▸ About this exercise: Leaving out all images, return the entries below exactly.

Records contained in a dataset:
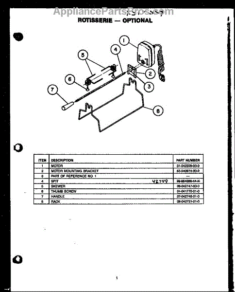 Parts for Modern Maid PHU185NWW: Rotisserie-Optional Parts
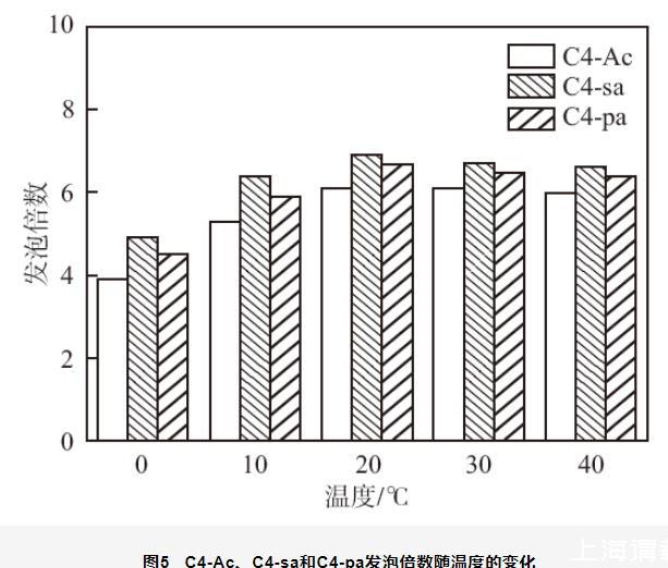 圖5 C4-Ac、C4-sa和C4-pa發(fā)泡倍數(shù)隨溫度的變化
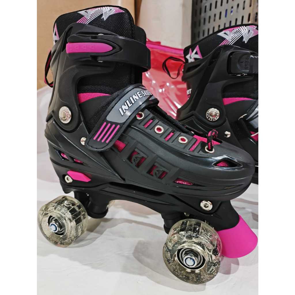 ###### importante em caso de devolução não utilizar o produto ###### Patins Lançamento preto e rosa com led. Buscando um Patins que tenha um diferencial e te surpreenda trazendo Segurança, alegria e felicidade para quem você ama e ainda assim seja de qualidade e bonito? Características Modelo: Patins 4 Rodas preto e rosa Com Led Patins: patins Quad Tradicional ajustável Ajuste: ajustavel cadarço - velcro Freio: Frontal ambos os pés kit proteção: capacete - joelheira - cotoveleira - munhequeira Tamanho: S / M / L Patins importado, numeração equivale a de calçados fechados. DUVIDAS COMUNIQUE O VENDEDOR
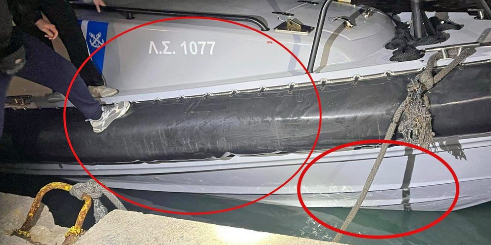 Το Λιμενικό έδωσε στη δημοσιότητα φωτογραφίες του σκάφους, όπου είναι εμφανή τα σημάδια της σύγκρουσης και, σύμφωνα με πληροφορίες, έχει προκληθεί ρήγμα.
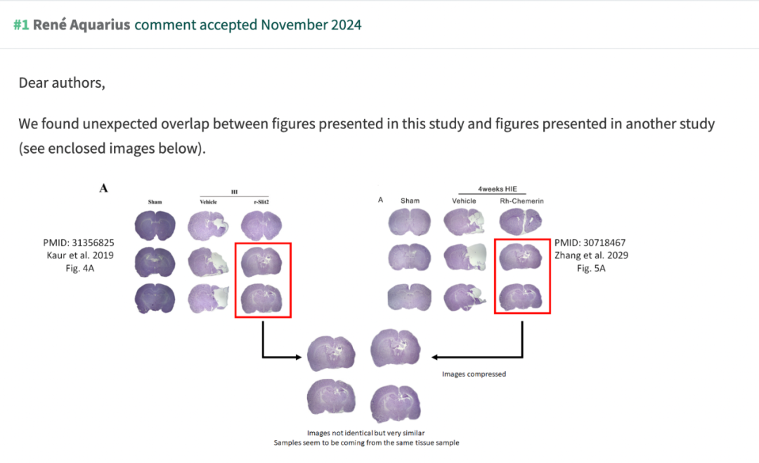 2024年3月,在一篇關于蛛網膜下腔出血論文的評論區,Aquarius標注了熒光圖像的復制粘貼問題。3個月后,他收到了期刊的回復:“作者對圖中存在的某些瑕疵表示遺憾,這些錯誤發生在圖像的繪制過程中,有必要進行更正,但不會影響研究結果或結論。”
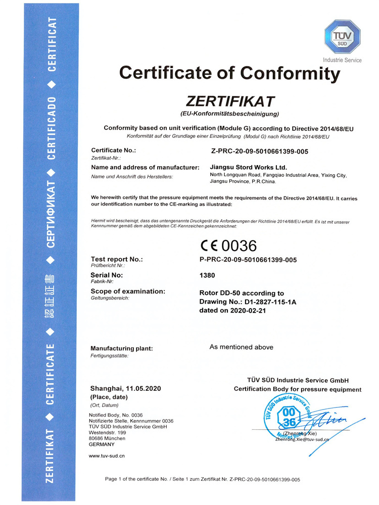 DD-50圓盤干燥機(jī) PED Model G證書
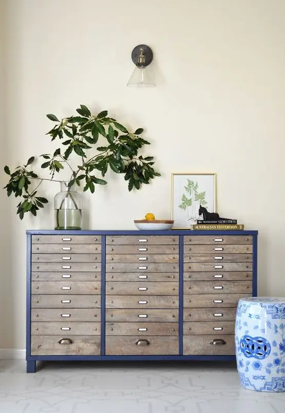 Ένα vintage ντουλάπι αρχείων είναι ένα τέλειο τραπέζι κονσόλας με άφθονο χώρο αποθήκευσης για κάθε είσοδο. Ένα τέτοιο κομμάτι θα φέρει αμέσως vintage γοητεία και κομψότητα στο χώρο κάνοντάς τον μοναδικό. Εξάλλου, θα έχετε πολύ αποθηκευτικό χώρο, αυτό είναι σίγουρο.
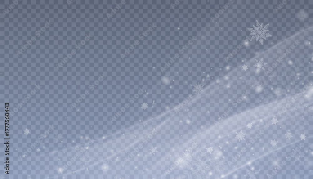 Tableau sur toile Winter background with wavy snow lines and flying snowflakes and a blizzard effect on a transparent background
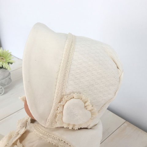 - レースもリボンも全てオーガニックコットン お帽子は上品なデザインでマジックテープが付いています
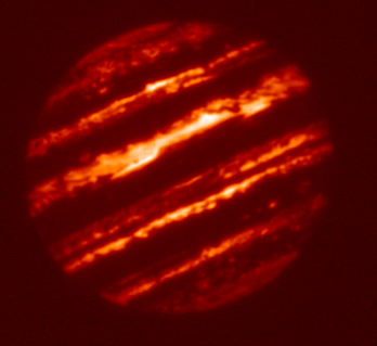 5.10-micron filtered image of Jupiter taken by the staff of NASA's Infrared Telescope Facility (IRTF) using the guide camera of the SpeX facility infrared spectrometer as a part of a program to characterize atmospheric variability in Jupiter to support the Juno mission. This filter is sensitive to very little sunlight reflected from clouds, but mostly to thermal emission from clouds as deep or deeper than the 2-3 bar pressure level. In case of "duplicate" images, this is the final version.
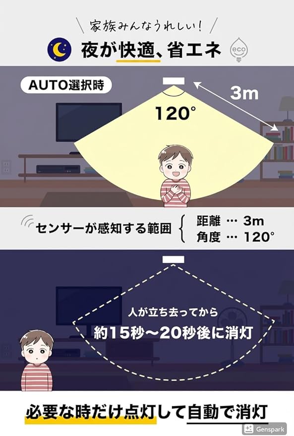 ✅切替スイッチにより、「常時点灯」「感知時のみ点灯」「常時消灯」の3つのモードが選べます。
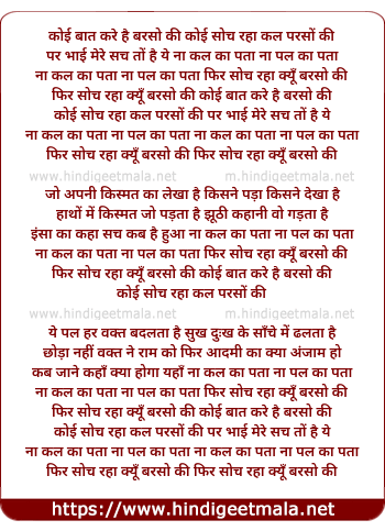 Lyrics of Na Kal Ka Pata Na Pal Ka Pata - ना कल का पता ना पल का पता
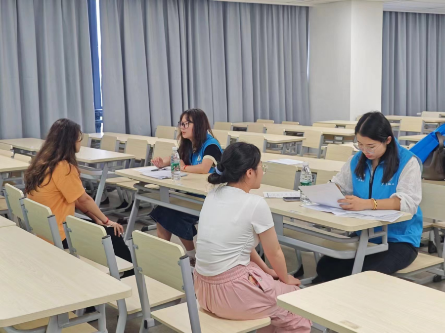 与此同时,同学们对此项志愿服务活动非常感兴趣,报名热情高涨,久久久免费学生第一党支部联合龙湖街社工站社工人员在第八教学楼407、414进行志愿者面试,从中选拔符合条件的志愿者参与项目,确保项目顺利进行。
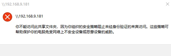 今天有同事跟反馈说win 10系统访问局域网共享文件夹是提示你不能访问此共享文件夹,因为你组织的安全策略阻止未经身份验证的来宾访问(如下图),这是怎么回事呢?
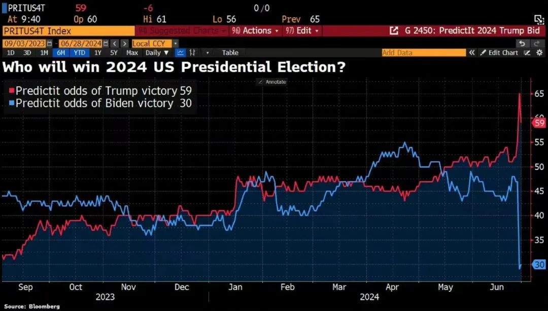 **第一,毋庸置疑的是,拜登是本次辯論明顯的失敗者。**雖然拜登在事後接受採訪時表示“我認為我們做得很好”,民主黨網絡裏充斥着更換拜登的聲音就是最好的註腳。對拜登團隊而言,舉辦總統辯論的最直接目的就在於消除民眾對其年齡問題的懷疑,平息對其認知能力的質疑。拜登糟糕得表現徹底摧毀了這一點。兩人之間高濃度的人身攻擊則嚴重損害拜登樹立的“成年人”認知。換言之,通過辯論提振民主黨支持者信心的計劃已經完全破產。
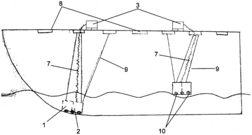 Для уменьшения размеров эластичные емкости («ковры») должны складываться различными способами - в виде гармошки, трансформера и т.д., для легкого проникновения в танкер через технологические отверстия. Подвод емкостей к пробоине осуществляется гравитационно-механическим путем и комплектацией емкостей расчетным грузом 10 снизу и пронумерованными, и размеченными по длине канатами 9, и телескопическими шестами (не показано).
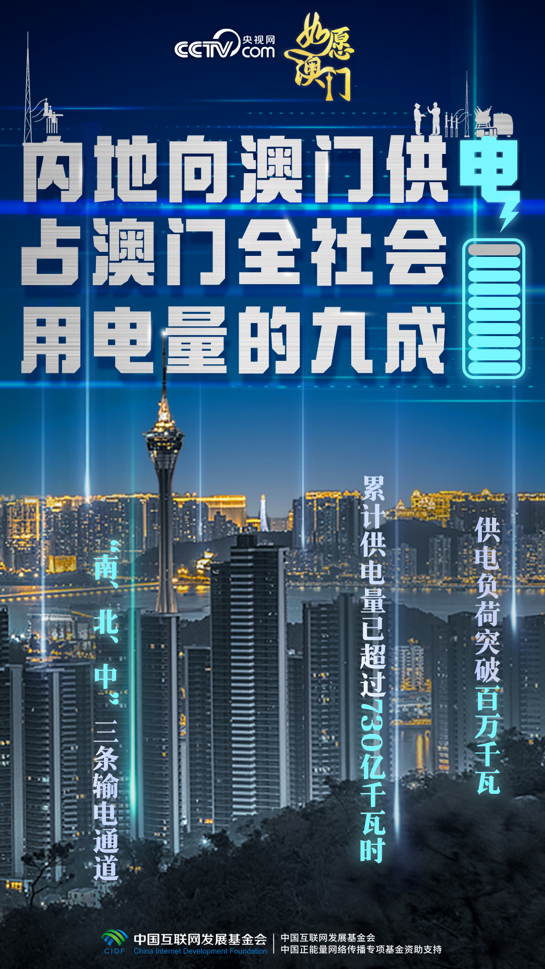 澳門缺電,南海油氣田里伸出專供澳門發(fā)電的天然氣管道,粵澳“南、北、中”三條輸電通道接續(xù)架設(shè),條條“銀線”相連,為澳門經(jīng)濟(jì)社會(huì)發(fā)展注入源源不斷的強(qiáng)勁動(dòng)能。1999年回歸當(dāng)年,內(nèi)地對(duì)澳供電量為1.95億千瓦時(shí);2024年7月,內(nèi)地向澳門供電負(fù)荷突破百萬千瓦,累計(jì)供電量已超過730億千瓦時(shí)。

▸ Solved exercise:
 Parts for Modern Maid PHU185NWW: Rotisserie-Optional Parts
 圖5 C4-Ac、C4-sa和C4-pa發(fā)泡倍數(shù)隨溫度的變化
 ###### importante em caso de devolução não utilizar o produto ###### Patins Lançamento preto e rosa com led. Buscando um Patins que tenha um diferencial e te surpreenda trazendo Segurança, alegria e felicidade para quem você ama e ainda assim seja de qualidade e bonito? Características Modelo: Patins 4 Rodas preto e rosa Com Led Patins: patins Quad Tradicional ajustável Ajuste: ajustavel cadarço - velcro Freio: Frontal ambos os pés kit proteção: capacete - joelheira - cotoveleira - munhequeira Tamanho: S / M / L Patins importado, numeração equivale a de calçados fechados. DUVIDAS COMUNIQUE O VENDEDOR
 Το Λιμενικό έδωσε στη δημοσιότητα φωτογραφίες του σκάφους, όπου είναι εμφανή τα σημάδια της σύγκρουσης και, σύμφωνα με πληροφορίες, έχει προκληθεί ρήγμα.
 2024年3月,在一篇關于蛛網膜下腔出血論文的評論區,Aquarius標注了熒光圖像的復制粘貼問題。3個月后,他收到了期刊的回復:“作者對圖中存在的某些瑕疵表示遺憾,這些錯誤發生在圖像的繪制過程中,有必要進行更正,但不會影響研究結果或結論。”
 DD-50圓盤干燥機(jī) PED Model G證書
 Ένα vintage ντουλάπι αρχείων είναι ένα τέλειο τραπέζι κονσόλας με άφθονο χώρο αποθήκευσης για κάθε είσοδο. Ένα τέτοιο κομμάτι θα φέρει αμέσως vintage γοητεία και κομψότητα στο χώρο κάνοντάς τον μοναδικό. Εξάλλου, θα έχετε πολύ αποθηκευτικό χώρο, αυτό είναι σίγουρο.
 Tableau sur toile Winter background with wavy snow lines and flying snowflakes and a blizzard effect on a transparent background
 - レースもリボンも全てオーガニックコットン お帽子は上品なデザインでマジックテープが付いています
 5.10-micron filtered image of Jupiter taken by the staff of NASA's Infrared Telescope Facility (IRTF) using the guide camera of the SpeX facility infrared spectrometer as a part of a program to characterize atmospheric variability in Jupiter to support the Juno mission. This filter is sensitive to very little sunlight reflected from clouds, but mostly to thermal emission from clouds as deep or deeper than the 2-3 bar pressure level. In case of "duplicate" images, this is the final version.
 ✅切替スイッチにより、「常時点灯」「感知時のみ点灯」「常時消灯」の3つのモードが選べます。
 Lyrics of Na Kal Ka Pata Na Pal Ka Pata - ना कल का पता ना पल का पता
 与此同时,同学们对此项志愿服务活动非常感兴趣,报名热情高涨,久久久免费学生第一党支部联合龙湖街社工站社工人员在第八教学楼407、414进行志愿者面试,从中选拔符合条件的志愿者参与项目,确保项目顺利进行。
 今天有同事跟反馈说win 10系统访问局域网共享文件夹是提示你不能访问此共享文件夹,因为你组织的安全策略阻止未经身份验证的来宾访问(如下图),这是怎么回事呢?
 **第一,毋庸置疑的是,拜登是本次辯論明顯的失敗者。**雖然拜登在事後接受採訪時表示“我認為我們做得很好”,民主黨網絡裏充斥着更換拜登的聲音就是最好的註腳。對拜登團隊而言,舉辦總統辯論的最直接目的就在於消除民眾對其年齡問題的懷疑,平息對其認知能力的質疑。拜登糟糕得表現徹底摧毀了這一點。兩人之間高濃度的人身攻擊則嚴重損害拜登樹立的“成年人”認知。換言之,通過辯論提振民主黨支持者信心的計劃已經完全破產。
 Для уменьшения размеров эластичные емкости («ковры») должны складываться различными способами - в виде гармошки, трансформера и т.д., для легкого проникновения в танкер через технологические отверстия. Подвод емкостей к пробоине осуществляется гравитационно-механическим путем и комплектацией емкостей расчетным грузом 10 снизу и пронумерованными, и размеченными по длине канатами 9, и телескопическими шестами (не показано).
 澳門缺電,南海油氣田里伸出專供澳門發(fā)電的天然氣管道,粵澳“南、北、中”三條輸電通道接續(xù)架設(shè),條條“銀線”相連,為澳門經(jīng)濟(jì)社會(huì)發(fā)展注入源源不斷的強(qiáng)勁動(dòng)能。1999年回歸當(dāng)年,內(nèi)地對(duì)澳供電量為1.95億千瓦時(shí);2024年7月,內(nèi)地向澳門供電負(fù)荷突破百萬千瓦,累計(jì)供電量已超過730億千瓦時(shí)。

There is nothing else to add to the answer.